— SOURCE MATERIAL —
━━━━━━━━━━

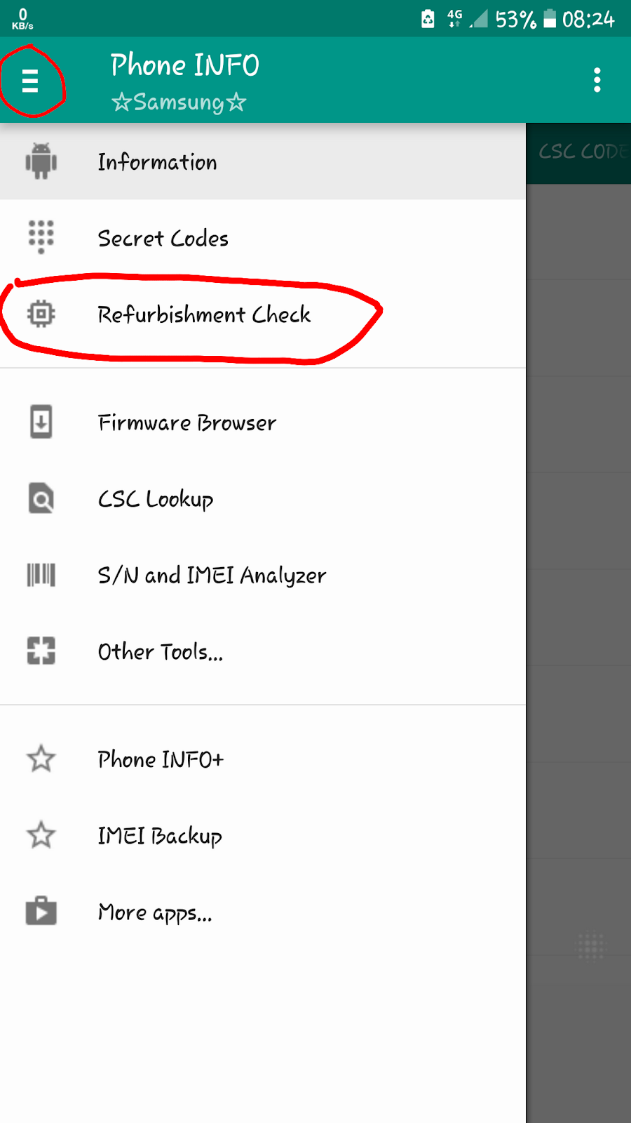 2. Setelah itu klik kiri atas yang saya lingkari kemudian Click refurbishment check dan nanti aplikasi akan loading mengechek kondisi hp anda
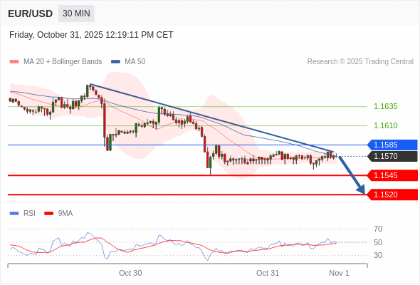 在 1.1585 之下,看跌,目标价位为 1.1545 ,然后为 1.1520 。
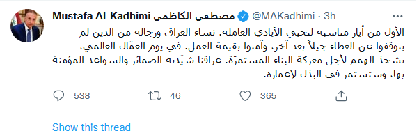 وقال الكاظمي في تغريدة على تويتر، "الأول من أيار مناسبة لنحيي الأيادي العاملة، نساء العراق ورجاله من الذين لم يتوقفوا عن العطاء جيلاً بعد آخر، وآمنوا بقيمة العمل، في يوم العمّال العالمي، نشحذ الهمم لأجل معركة البناء المستمرّة، عراقنا شيّدته الضمائر والسواعد المؤمنة بها، وستستمر في البذل لإعماره".
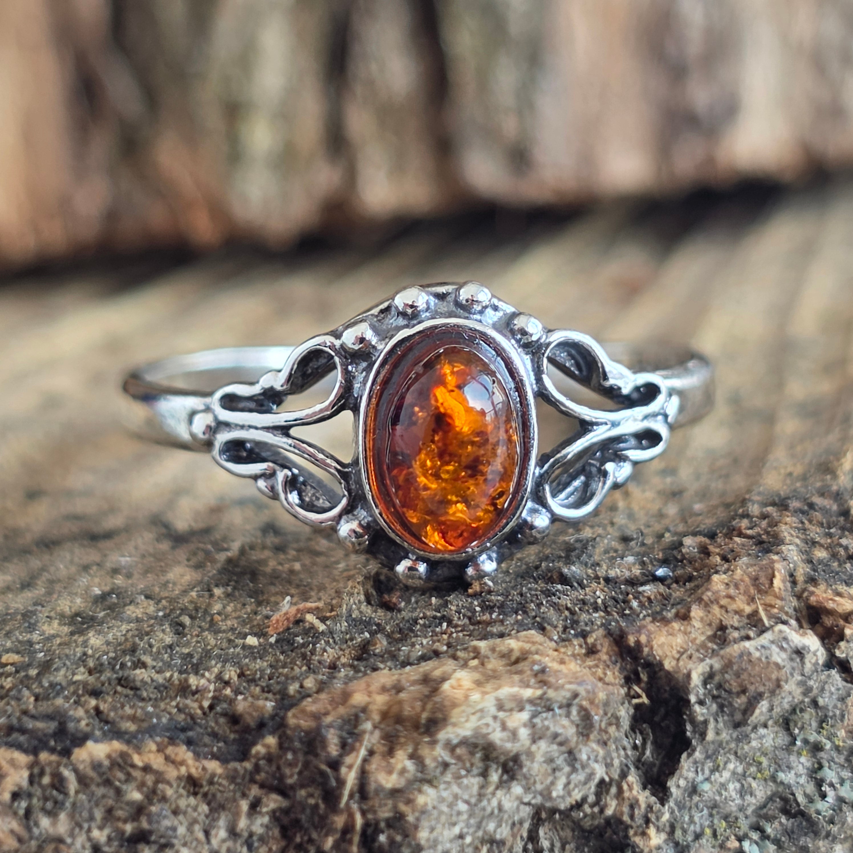 Srebrny pierścień z bursztynem 14 bursztyn
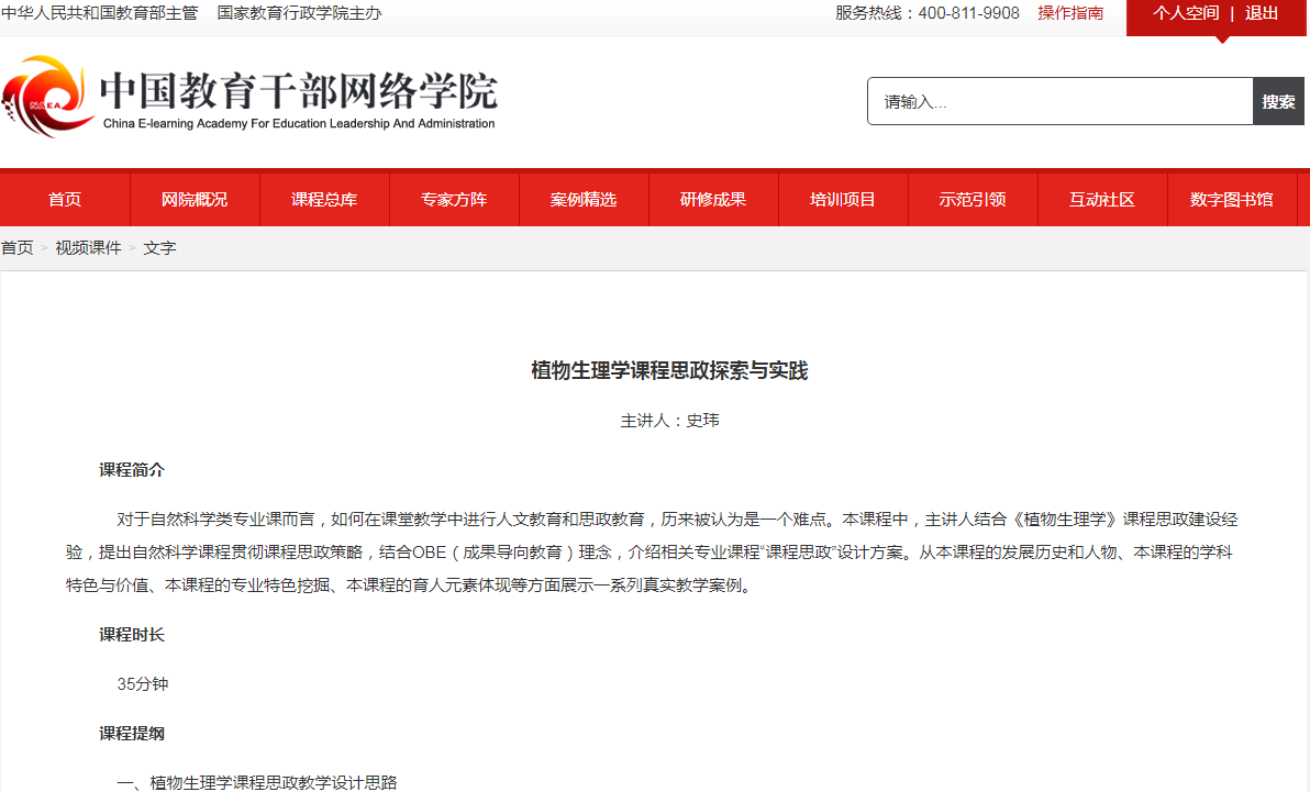 近日,由yl8cc永利官网史玮老师主讲的《植物生理学课程思政探索与实践》课程思政案例在国家教育行政学院高等教育管理干部网络培训平台上线。
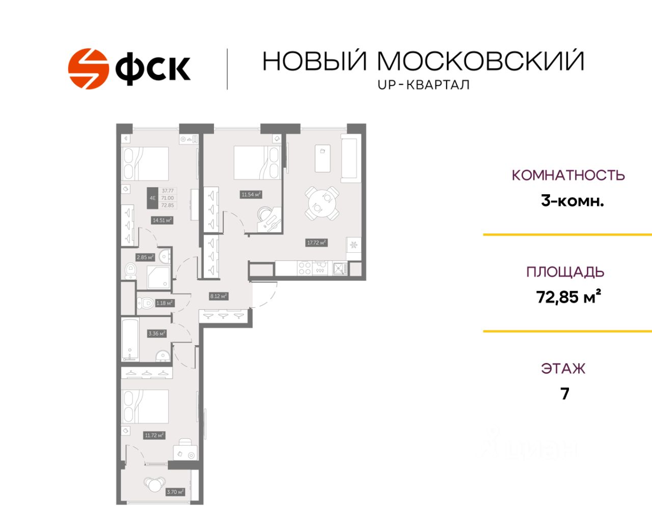 Цена со скидкой до 30% в прямой продаже от застройщика — только в этом месяце. Беспроцентная рассрочка. 3-к квартира в ЖК Up-квартал "Новый Московский" на 7-м этаже. Общая площадь 72,85. Без отделки.
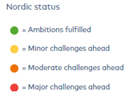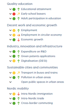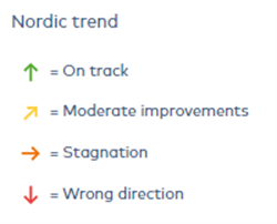 On the Nordic Statistics web page an overview of the Nordic indicators can be found (link given below). Next to the indicator name is a circle and an arrow. The colour of the circles shows the status of the indicator today. The direction and colour of the arrows on the other hand indicates the prognostic moving direction, the trend, indicating if the target is about to be met given the development up until this point.
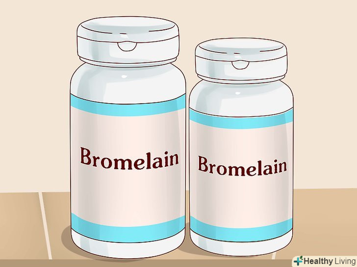 Почніть приймати бромелаїн.бромелаїн-це фермент, який отримують з ананасів. Щоб отримати користь від бромелаїну, його необхідно приймати як біодобавку. Проконсультуйтеся з лікарем з приводу прийому бромелаїну. Стандартна доза становить 500 мг. приймайте добавку натщесерце чотири рази на день.[14]
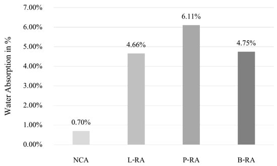 There have been studies on recycled aggregate in concrete for some time. Reliable studies mentioned the properties of concrete and the behavior of the construction from recycled aggregate concrete. They found that recycled aggregate concrete plays a significant role in water absorption in aggregate, leading to lowered permeability resistance []. The water absorption capacity of recycled aggregate concrete is considered high (>7 percent) according to the standardized measure provided by [] JIS A5002. Moreover, recycled aggregate concrete has a lower compressive strength compared to natural aggregate concrete by 21 percent []. However, if the amount of recycled aggregate in the concrete is restricted to not more than 20–30 percent of the total concrete, there is a negligible difference between the properties of recycled aggregate concrete and those of natural aggregate concrete. [] In 2014, [] Duan and Poon conducted research on the properties of concrete with mortar on the stone surface and from different sources. The result was that recycled aggregate with a little amount of mortar on the stone surface had low water absorption capacity and therefore can be a substitute for natural aggregate. Likewise, the research by [] Pedro et al., 2014 also found that the water absorption capacity of recycled aggregate was medium as represented by 3.9–7.6 percent. As a result, a recycled aggregate could be used in concrete with high compressive strength.
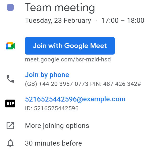 Users in your organization can schedule meetings as normal via their Google Calendar or Outlook (with the Google Outlook add-in for Office 365), and choose to add Google Meet conferencing within their event options. The joining instructions for internal and external standards-based video conferencing systems, and Skype for Business users, are then automatically included in, or linked from, the calendar invitation and event.
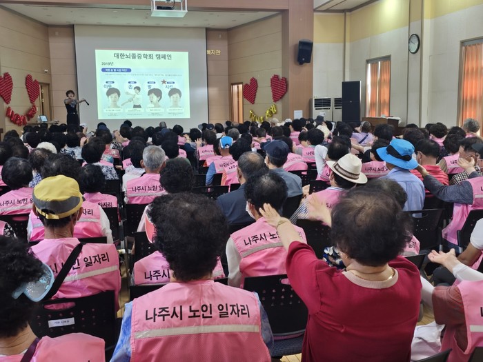 나주시노인복지관 이용자 등 400여 명을 대상으로 한 이번 강좌는 심근경색증의 특징, 초기증상(극심한 가슴통증 등)과 뇌졸중의 종류, 초기증상(얼굴·팔 마비, 언어장애 등), 질환별 치료방법, 골든타임의 중요성, 응급처치 방법 등을 교육했다.
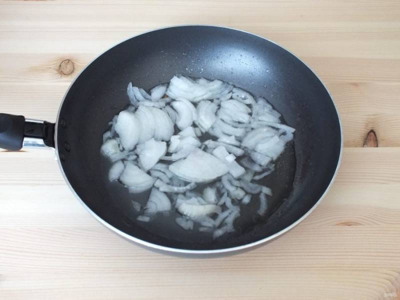 Лук нарежьте четвертинками и обжарьте до легкого колера.
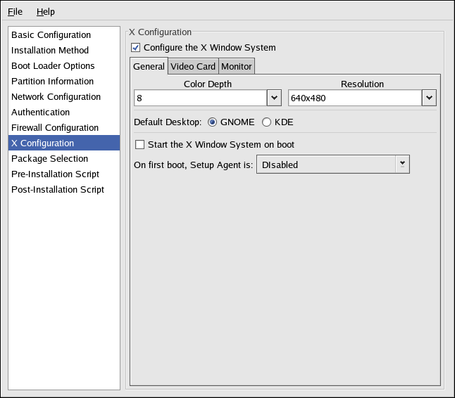 The first step in configuring X is to choose the default color depth and resolution. Select them from their respective pulldown menus. Be sure to specify a color depth and resolution that is compatible with the video card and monitor for the system.
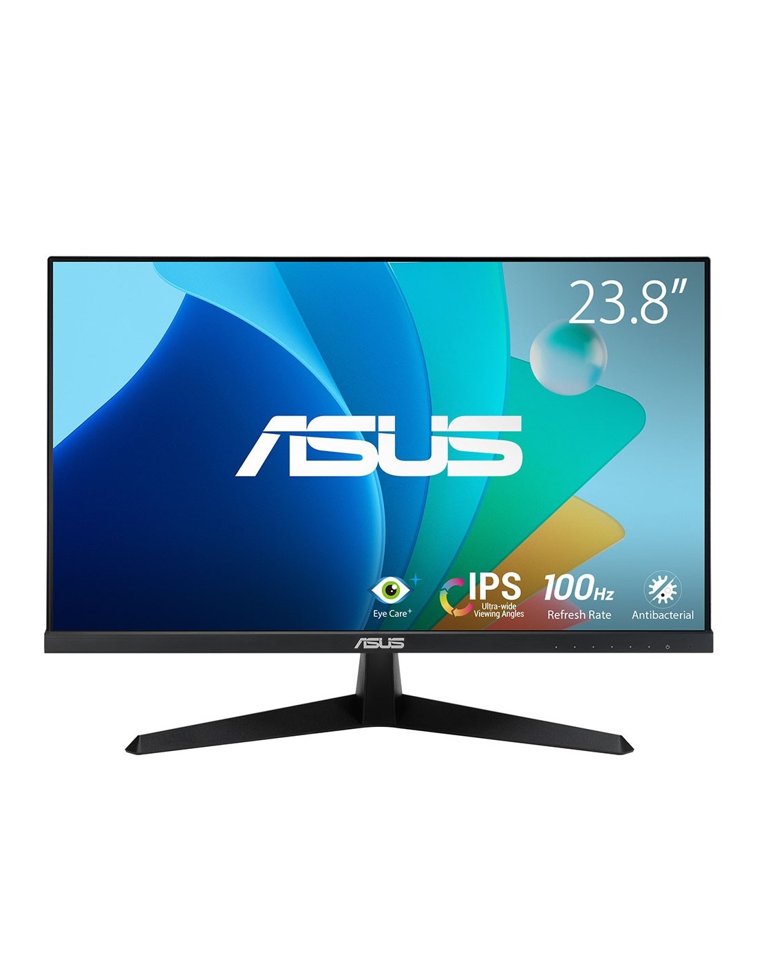 ASUS VY249HF. Diagonal de la pantalla: 60,5 cm (23.8"), Resolución de la pantalla: 1920 x 1080 Pixeles, Tipo HD: Full HD, Tecnología de visualización: LCD, Tiempo de respuesta: 1 ms, Relación de aspecto nativa: 16:9, Ángulo de visión, horizontal: 178°, Ángulo de visión, vertical: 178°. montaje VESA. Color del producto: Negro
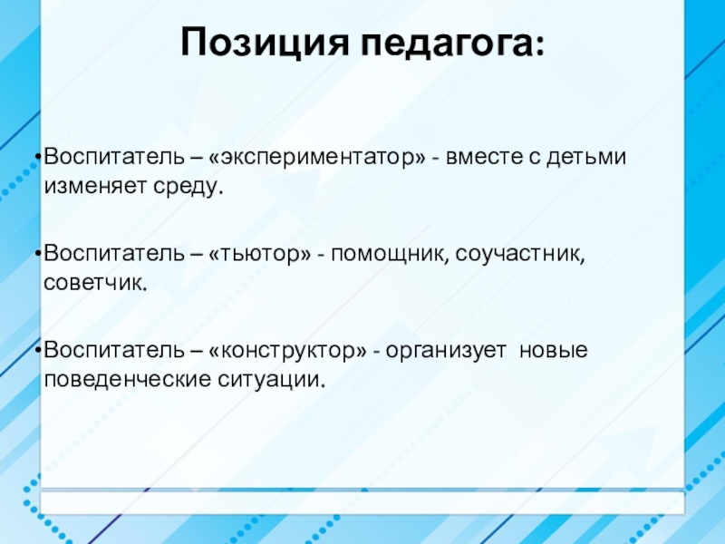 Воспитатель – «конструктор» - организует новые поведенческие ситуации.
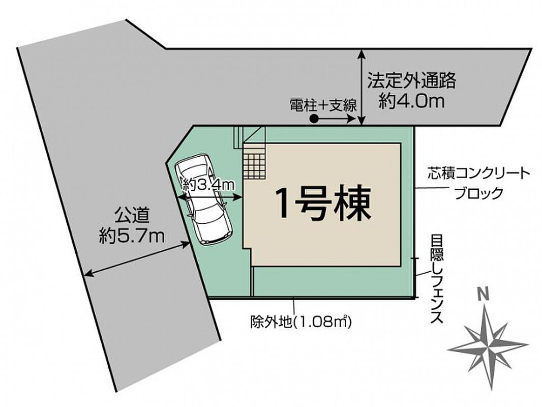 | 駐車場 | 1台 | 道路の幅員 | 西5.7m公道、北4.0m法定外 |
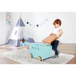 El baúl de juguetes Jim de Pinolino proporciona espacio suficiente para guardar los juguetes favoritos de tu hijo en poco tiempo, y también se puede usar como banco. Gracias al práctico cable de tracción y las ruedas de madera de goma, los niños pueden llevar sus juguetes a cualquier parte. La tapa es extraíble y tiene una capacidad de carga de hasta 20 kg. Con una tapicería de piel sintética en la tapa, este cofre de almacenamiento también proporciona una cómoda superficie para que los pequeños exploradores se sienten antes de sumergirse en su próxima aventura. Con la combinación de azul menta y marrón, la caja de juguetes está a la moda y llamará la atención en cualquier habitación infantil. Color: Azul menta y marrón Material: MDF lacado y piel sintética (100% PU) Dimensiones: 50 x 36 x 36 cm (largo x ancho x alto) Con cordón de tirar Ruedas de madera recubiertas de goma Tapa extraíble Capacidad de carga: 20 kg Recomendado para niños mayores de 3 años Fácil montaje Cordón largo. ¡Riesgo de estrangulamiento! Se puede limpiar con una gamuza seca o un paño de algodón ADVERTENCIA: No apto para niños menores de 36 meses. ADVERTENCIA: Sólo para uso doméstico. ADVERTENCIA: Debe ser usado bajo la supervisión directa de un adulto.
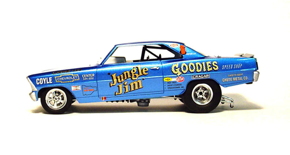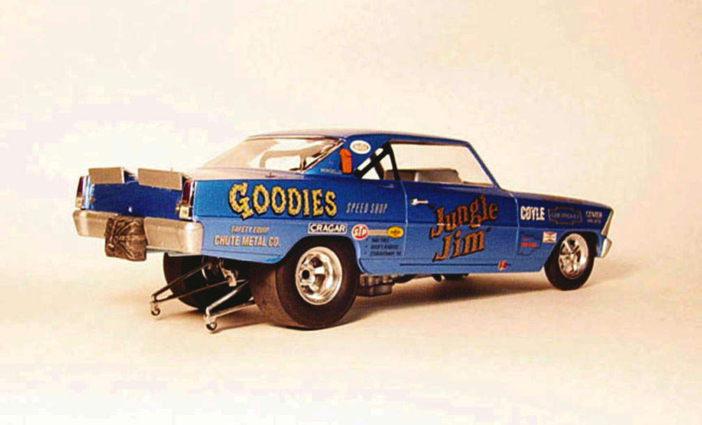 A Polar Lights F/C chassis was shortened 6" to fit new '67 Nova body. Rear Air Foils.

━━━━━━━━━━

— WHAT IS EXPECTED —
Set down every entry above verbatim, without pictures.

— EXERCISE ANSWER —
 2. Setelah itu klik kiri atas yang saya lingkari kemudian Click refurbishment check dan nanti aplikasi akan loading mengechek kondisi hp anda
 在 1.1585 之下,看跌,目标价位为 1.1545 ,然后为 1.1520 。
 وقال الكاظمي في تغريدة على تويتر، "الأول من أيار مناسبة لنحيي الأيادي العاملة، نساء العراق ورجاله من الذين لم يتوقفوا عن العطاء جيلاً بعد آخر، وآمنوا بقيمة العمل، في يوم العمّال العالمي، نشحذ الهمم لأجل معركة البناء المستمرّة، عراقنا شيّدته الضمائر والسواعد المؤمنة بها، وستستمر في البذل لإعماره".
 Srebrny pierścień z bursztynem 14 bursztyn
 近日,由yl8cc永利官网史玮老师主讲的《植物生理学课程思政探索与实践》课程思政案例在国家教育行政学院高等教育管理干部网络培训平台上线。
 Цена со скидкой до 30% в прямой продаже от застройщика — только в этом месяце. Беспроцентная рассрочка. 3-к квартира в ЖК Up-квартал "Новый Московский" на 7-м этаже. Общая площадь 72,85. Без отделки.
 On the Nordic Statistics web page an overview of the Nordic indicators can be found (link given below). Next to the indicator name is a circle and an arrow. The colour of the circles shows the status of the indicator today. The direction and colour of the arrows on the other hand indicates the prognostic moving direction, the trend, indicating if the target is about to be met given the development up until this point.
 Почніть приймати бромелаїн.бромелаїн-це фермент, який отримують з ананасів. Щоб отримати користь від бромелаїну, його необхідно приймати як біодобавку. Проконсультуйтеся з лікарем з приводу прийому бромелаїну. Стандартна доза становить 500 мг. приймайте добавку натщесерце чотири рази на день.[14]
 There have been studies on recycled aggregate in concrete for some time. Reliable studies mentioned the properties of concrete and the behavior of the construction from recycled aggregate concrete. They found that recycled aggregate concrete plays a significant role in water absorption in aggregate, leading to lowered permeability resistance []. The water absorption capacity of recycled aggregate concrete is considered high (>7 percent) according to the standardized measure provided by [] JIS A5002. Moreover, recycled aggregate concrete has a lower compressive strength compared to natural aggregate concrete by 21 percent []. However, if the amount of recycled aggregate in the concrete is restricted to not more than 20–30 percent of the total concrete, there is a negligible difference between the properties of recycled aggregate concrete and those of natural aggregate concrete. [] In 2014, [] Duan and Poon conducted research on the properties of concrete with mortar on the stone surface and from different sources. The result was that recycled aggregate with a little amount of mortar on the stone surface had low water absorption capacity and therefore can be a substitute for natural aggregate. Likewise, the research by [] Pedro et al., 2014 also found that the water absorption capacity of recycled aggregate was medium as represented by 3.9–7.6 percent. As a result, a recycled aggregate could be used in concrete with high compressive strength.
 Users in your organization can schedule meetings as normal via their Google Calendar or Outlook (with the Google Outlook add-in for Office 365), and choose to add Google Meet conferencing within their event options. The joining instructions for internal and external standards-based video conferencing systems, and Skype for Business users, are then automatically included in, or linked from, the calendar invitation and event.
 나주시노인복지관 이용자 등 400여 명을 대상으로 한 이번 강좌는 심근경색증의 특징, 초기증상(극심한 가슴통증 등)과 뇌졸중의 종류, 초기증상(얼굴·팔 마비, 언어장애 등), 질환별 치료방법, 골든타임의 중요성, 응급처치 방법 등을 교육했다.
 Лук нарежьте четвертинками и обжарьте до легкого колера.
 The first step in configuring X is to choose the default color depth and resolution. Select them from their respective pulldown menus. Be sure to specify a color depth and resolution that is compatible with the video card and monitor for the system.
 ASUS VY249HF. Diagonal de la pantalla: 60,5 cm (23.8"), Resolución de la pantalla: 1920 x 1080 Pixeles, Tipo HD: Full HD, Tecnología de visualización: LCD, Tiempo de respuesta: 1 ms, Relación de aspecto nativa: 16:9, Ángulo de visión, horizontal: 178°, Ángulo de visión, vertical: 178°. montaje VESA. Color del producto: Negro
 Воспитатель – «конструктор» - организует новые поведенческие ситуации.
 | 駐車場 | 1台 | 道路の幅員 | 西5.7m公道、北4.0m法定外 |
 El baúl de juguetes Jim de Pinolino proporciona espacio suficiente para guardar los juguetes favoritos de tu hijo en poco tiempo, y también se puede usar como banco. Gracias al práctico cable de tracción y las ruedas de madera de goma, los niños pueden llevar sus juguetes a cualquier parte. La tapa es extraíble y tiene una capacidad de carga de hasta 20 kg. Con una tapicería de piel sintética en la tapa, este cofre de almacenamiento también proporciona una cómoda superficie para que los pequeños exploradores se sienten antes de sumergirse en su próxima aventura. Con la combinación de azul menta y marrón, la caja de juguetes está a la moda y llamará la atención en cualquier habitación infantil. Color: Azul menta y marrón Material: MDF lacado y piel sintética (100% PU) Dimensiones: 50 x 36 x 36 cm (largo x ancho x alto) Con cordón de tirar Ruedas de madera recubiertas de goma Tapa extraíble Capacidad de carga: 20 kg Recomendado para niños mayores de 3 años Fácil montaje Cordón largo. ¡Riesgo de estrangulamiento! Se puede limpiar con una gamuza seca o un paño de algodón ADVERTENCIA: No apto para niños menores de 36 meses. ADVERTENCIA: Sólo para uso doméstico. ADVERTENCIA: Debe ser usado bajo la supervisión directa de un adulto.
 A Polar Lights F/C chassis was shortened 6" to fit new '67 Nova body. Rear Air Foils.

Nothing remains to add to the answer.